Understanding the Different Generations

Understanding the Different Generations

There is no single element that will result in effective Christian leadership, but when a number of elements come together, like the pieces of a jigsaw puzzle, the result can be effective leadership.

One of the pieces of the puzzle for a leader is ‘Understanding Others’. Learning about what drives and motivates people, as well as their needs and concerns, is a powerful aid to becoming a better leader. Effective leaders are good at relating with people and they learn how to empathise with them and adjust their approach accordingly.

Understanding generational differences

In any form of ministry, different generational groups working closely together can produce interesting outcomes. These generational groups are products of their chronological age and the time in which they grew up and have rather different attitudes, values, beliefs and motivations from one another. These differences can easily lead to misunderstanding, miscommunication and even outright conflict. Our outlook, or the way in which we see the world, has significant implications for how we treat, minister with, and value other people. The way we develop, think, and make decisions is complex and quite unique from one person to the next. Given our differences, however, there are patterns or styles of thinking and behaviour that are can be identified and understood.
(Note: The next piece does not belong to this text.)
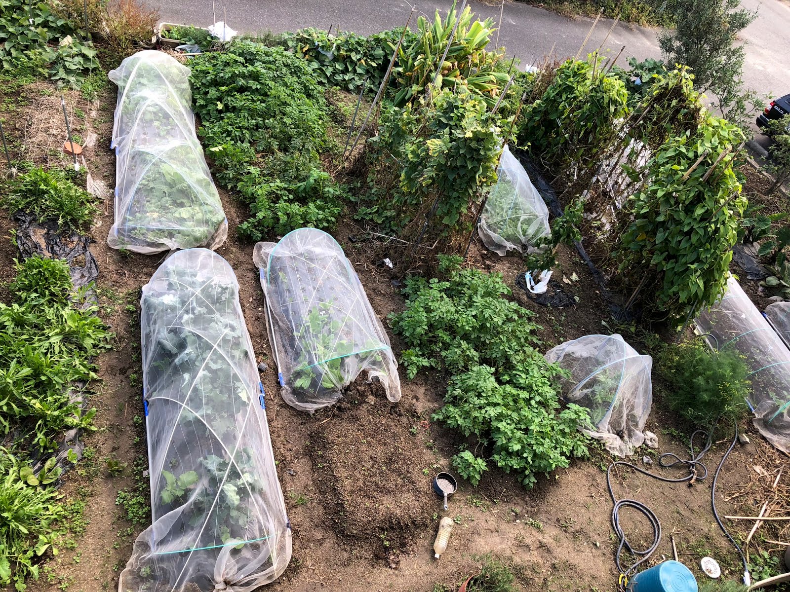 | こちらは、一昨年の天井まで取り付けた厳重な対策。 その前の年に、暴風と寒さ(雪)で苗が枯れて収穫できなかったのでこうなった。 この時の雪よけに天井部分は、苗が伸びた2月に外した。 |

There are two main ways of looking at the “cycles” of time or phases in life; we have two main options from which to choose. The first of these, and often the most popular, is to look at generational groups according to the year of birth. It is now commonplace to talk of “Traditionals”, often called “The Greatest Generation” (born 1924 to 1943), “Baby Boomers” (born 1944 to 1963), “Generation X” (born 1964 to 1983), and finally “Generation Y” (born 1984 to 2000). We encounter all four of these generational groups each day and each can be characterised as one kind of group, based on the eras in which they grew up or the influences in their formative years (social, economic, political, technological influences).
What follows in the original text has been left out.